The five-foot-four 135-pounder has had a target on his back all season and it's growing bigger by the week as his influence over Toronto grows.
No stranger to being the smallest — and one of the best — players on the field, Giovinco is used to being roughed up. And with eight goals and seven assists in 15 games, he has emerged as a leading MVP candidate in his first year in MLS.
But some worry whether the hack-a-Seba strategy is going to spread.
"How do you slow a guy like that down?" said Toronto defender Eriq Zavaleta. "You have to kick him.
"I think that refs are more aware of it now ... (but) he knows he's going to go into games and get kicked. Lionel Messi knows he's going to go into games and get kicked. That's what happens when you've got that much attention but good players find a way to get around it and he's clearly done that so far."
Giovinco has been at the receiving end of 42 fouls so far the season, third in the league behind Portland's Darlington Nagbe (52 in 18 games) and San Jose's Matias Perez Garcia (44 in 15 games).
Toronto (7-6-2) will be short-handed against Los Angeles (7-6-7) with designated players Michael Bradley and Jozy Altidore and Canadians Ashtone Morgan and Jonathan Osorio on international duty at the Gold Cup. French midfielder Benoit Cheyrou is nursing a calf injury but could be available.
The tactic of fouling Giovinco came to a head June 20 when New York City FC appeared to take aim at the Italian in a 2-0 win at BMO Field.
"He's got scratches all over him. He's been kicked a number of times ... If that's the template (to defend Giovinco), then we're going to need officiating to take care of the players the people come to watch," Toronto coach Greg Vanney said at the time.
He also said Giovinco was being fouled before the ball actually got to him.

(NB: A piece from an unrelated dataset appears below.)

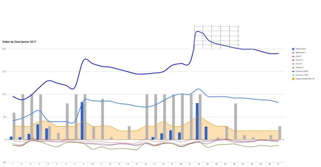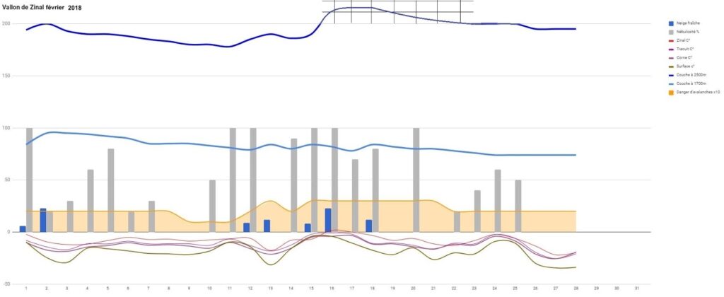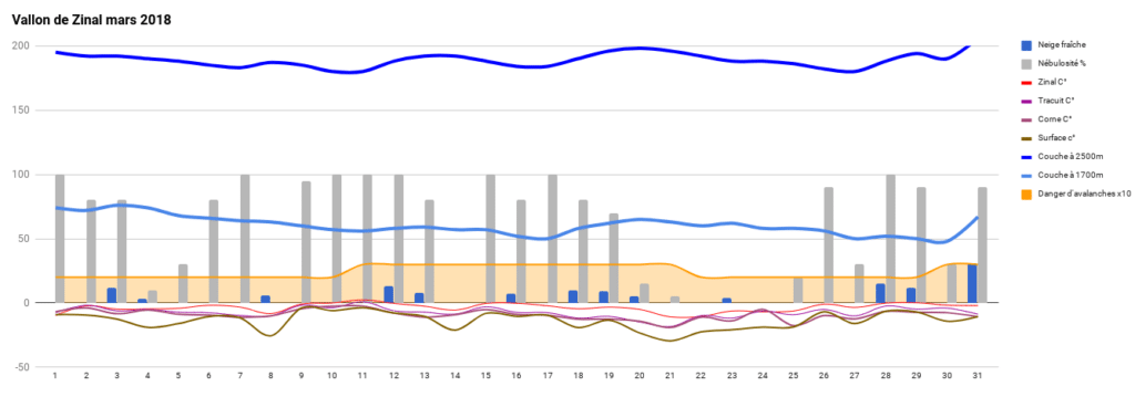 Jusqu’en début d’après-midi, le danger d’avalanches maintenu sur deux limité dans la région est quasi nul. Aucune avalanche notable sur les Gardes de Bordon où seules quelques chutes de pierres ont attiré mon attention. J’ai cessé de publier les mesures le matin sur Twitter, vous pouvez les retrouver directement sur la feuille de calcul mars 2020 régulièrement mise à jour. Je surveille le jalon de Sorebois avec le drone, les autres mesures sont disponibles via des stations en ligne et la webcam de la Vouarda. Les cabanes de haute montagne sont fermées, y compris les locaux d’hiver dans bien des cas. A Tracuit par exemple, seul un local de secours pour les personnes blessées ou perdues sera accessible.

On Tuesday, Vanney said the team is active in discussing the rough treatment Giovinco gets — both with the fourth official during games and the league after reviewing game footage.
"And if we see incidents, we will always send them in and ask them to take a closer look or to be aware of these things. The one thing that I think is coming up now a little bit that we're asking the league to look at is things that are slightly away from the ball, maybe not exactly on the ball or when he's touching the ball but maybe in a moment of transition or when he's not exactly involved in the immediate action."
For Vanney, it's no different from any player in the league. They should have the freedom to express themselves as attacking players. "That's what people come to watch."
The Toronto coach doesn't think every team is looking to rough up Giovinco. But the Toronto braintrust are keeping a close eye to make sure the abuse doesn't expand.
The 28-year-old Italian was not made available to reporters Tuesday. Because of the team's busy schedule of late, he had a reduced workout.
Giovinco's teammates sees the abuse he goes through.
"I marvel at how calm he remains for the most part," said midfielder Collen Warner. "I would be really upset with some of the tackles he's seeing (which) are unfortunately off the ball and very intentional.
"He does well to deal with it. Obviously he's probably expecting a little bit of it being that he's our best player. I don't see it changing in the future."